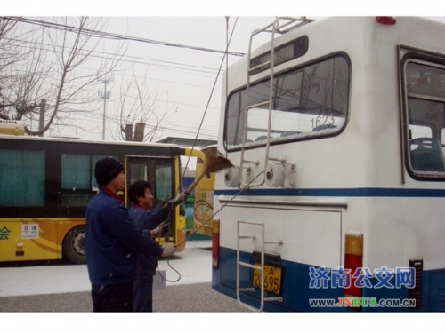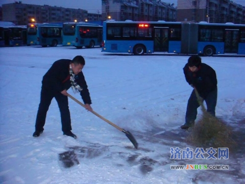 今天早晨,济南突降瑞雪,为了切实保证营运公司早出车,出好车,出全车,维修公司领导干部、全体管理人员、例检员、维修人员、冬运突击队队员,克服一切困难,顾大家舍小家,发扬奉献精神,全部在首班车发车前30分钟到岗,检查车辆,清扫积雪,叮嘱驾驶员雪天行车注意事项,
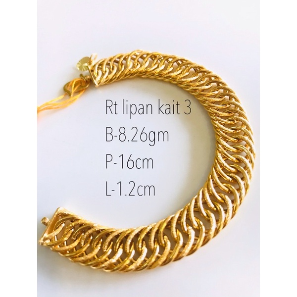 Buy rantai tangan lipan kait 3 emas 916 in pekan,malaysia. Lebar gelang 0.8cm setiap pembelian disertakan resit pm dahulu sebelum membuat sebarang pembelian. Rt lipan kait 3 boleh ansuran 6bulan 18.3cm boleh potong nego nego lebar 1.9cm get great deals on . Rantai tangan kait 3 lipan bara (1rt010361). Rantai tangan lipan kait 3. Emas bangkok rt lipan kait 3 padu ada cop 916 / bangkok gold / bracelet for women .
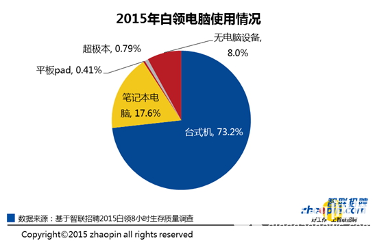 随着中国飞速进入了“互联网+”时代,白领的办公体验如何?是否享受到了变革的便利?智联招聘本次调查发现,73.2%的白领工作中使用台式机,配备笔记本电脑的比例仅为17.6%,还有8%的白领没有配备电脑设备。此外,超级本、平板Pad的配备比例非常低,分别只有0.8%和0.4%。由此可以看出,对企业雇主来说,还有很大的空间可以通过将办公设备更新为移动性更好的笔记本电脑来提升员工的工作效率,进而提升企业的整体竞争力。
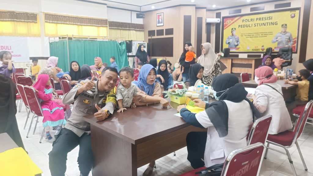 PONTIANAK, KALBAR – Bhabinkamtibmas Polsek Pontianak Timur, melaksanakan kegiatan pendampingan monitoring balita soal cegah stunting bersama Tim Kesehatan di Aula Polresta Pontianak, Jum’at (06/10/2023).
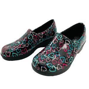 Easy Works by Easy Street Tiffany Black Pink Aqua Hearts Comfort Clogs Shoes 7W
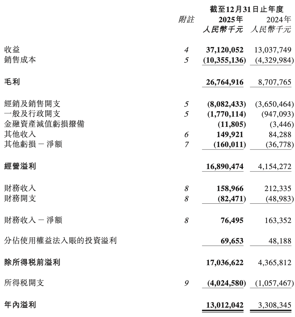 2025年,泡泡玛特交出一份几乎无懈可击的财报:全年营收371.2亿元,同比增长184.7%;经调整净利润130.8亿元,同比增长284.5%;毛利率从2024年的66.8%跃升至72.1%,创历史新高。
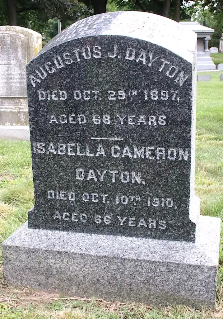 Active in civic and veterans’ affairs, he joined Ulysses S. Grant Post #327 of the G.A.R. on February 26, 1896, and was a member of the Society of Old Brooklynites, and the Volunteer Firemen’s Association. As per an online biography on findagrave website, Dayton was an avid fisherman who made his own tackle and rods. He is cited in an article in the Brooklyn Daily Eagle, “Some Crack Fisherman,” on September 15, 1894, as a worker in the Bureau of Streets in the Department of City Works who claimed to have caught a 22-pound striped bass off Coney Island pier in July 1894. He applied for an invalid pension days before his death citing disability due to catarrh of the stomach and intestines. He applied for and was granted an invalid pension. Dayton last lived at 421 Sixth Avenue in Brooklyn. His death was caused by anemia. Isabelle Dayton applied for and received a widow’s pension in 1897, certificate 1,200,320. Section 159, lot 15483.
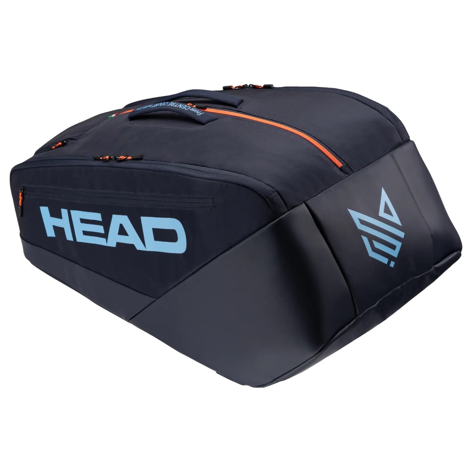 Realizzata in blu, colore nazionale dell’Italia, questa borsa da tennis Head si distingue per i dettagli personalizzati di Sinner: il celebre logo a forma di volpe, la bandiera italiana, e la zip arancione che richiama il suo iconico colore di capelli. Il design esclusivo è arricchito dalla scritta “From Centre Court with love” e da dettagli interni con piccole volpi, simbolo del soprannome del campione.

---

**PROBLEM TO WORK ON:**
From the first line to the last, repeat the data above exactly and leave the pictures out.

**TASK RESPONSE:**
 今天早晨,济南突降瑞雪,为了切实保证营运公司早出车,出好车,出全车,维修公司领导干部、全体管理人员、例检员、维修人员、冬运突击队队员,克服一切困难,顾大家舍小家,发扬奉献精神,全部在首班车发车前30分钟到岗,检查车辆,清扫积雪,叮嘱驾驶员雪天行车注意事项,
 Buy rantai tangan lipan kait 3 emas 916 in pekan,malaysia. Lebar gelang 0.8cm setiap pembelian disertakan resit pm dahulu sebelum membuat sebarang pembelian. Rt lipan kait 3 boleh ansuran 6bulan 18.3cm boleh potong nego nego lebar 1.9cm get great deals on . Rantai tangan kait 3 lipan bara (1rt010361). Rantai tangan lipan kait 3. Emas bangkok rt lipan kait 3 padu ada cop 916 / bangkok gold / bracelet for women .
 随着中国飞速进入了“互联网+”时代,白领的办公体验如何?是否享受到了变革的便利?智联招聘本次调查发现,73.2%的白领工作中使用台式机,配备笔记本电脑的比例仅为17.6%,还有8%的白领没有配备电脑设备。此外,超级本、平板Pad的配备比例非常低,分别只有0.8%和0.4%。由此可以看出,对企业雇主来说,还有很大的空间可以通过将办公设备更新为移动性更好的笔记本电脑来提升员工的工作效率,进而提升企业的整体竞争力。
 PONTIANAK, KALBAR – Bhabinkamtibmas Polsek Pontianak Timur, melaksanakan kegiatan pendampingan monitoring balita soal cegah stunting bersama Tim Kesehatan di Aula Polresta Pontianak, Jum’at (06/10/2023).
 Easy Works by Easy Street Tiffany Black Pink Aqua Hearts Comfort Clogs Shoes 7W
 2025年,泡泡玛特交出一份几乎无懈可击的财报:全年营收371.2亿元,同比增长184.7%;经调整净利润130.8亿元,同比增长284.5%;毛利率从2024年的66.8%跃升至72.1%,创历史新高。
 Active in civic and veterans’ affairs, he joined Ulysses S. Grant Post #327 of the G.A.R. on February 26, 1896, and was a member of the Society of Old Brooklynites, and the Volunteer Firemen’s Association. As per an online biography on findagrave website, Dayton was an avid fisherman who made his own tackle and rods. He is cited in an article in the Brooklyn Daily Eagle, “Some Crack Fisherman,” on September 15, 1894, as a worker in the Bureau of Streets in the Department of City Works who claimed to have caught a 22-pound striped bass off Coney Island pier in July 1894. He applied for an invalid pension days before his death citing disability due to catarrh of the stomach and intestines. He applied for and was granted an invalid pension. Dayton last lived at 421 Sixth Avenue in Brooklyn. His death was caused by anemia. Isabelle Dayton applied for and received a widow’s pension in 1897, certificate 1,200,320. Section 159, lot 15483.
 Realizzata in blu, colore nazionale dell’Italia, questa borsa da tennis Head si distingue per i dettagli personalizzati di Sinner: il celebre logo a forma di volpe, la bandiera italiana, e la zip arancione che richiama il suo iconico colore di capelli. Il design esclusivo è arricchito dalla scritta “From Centre Court with love” e da dettagli interni con piccole volpi, simbolo del soprannome del campione.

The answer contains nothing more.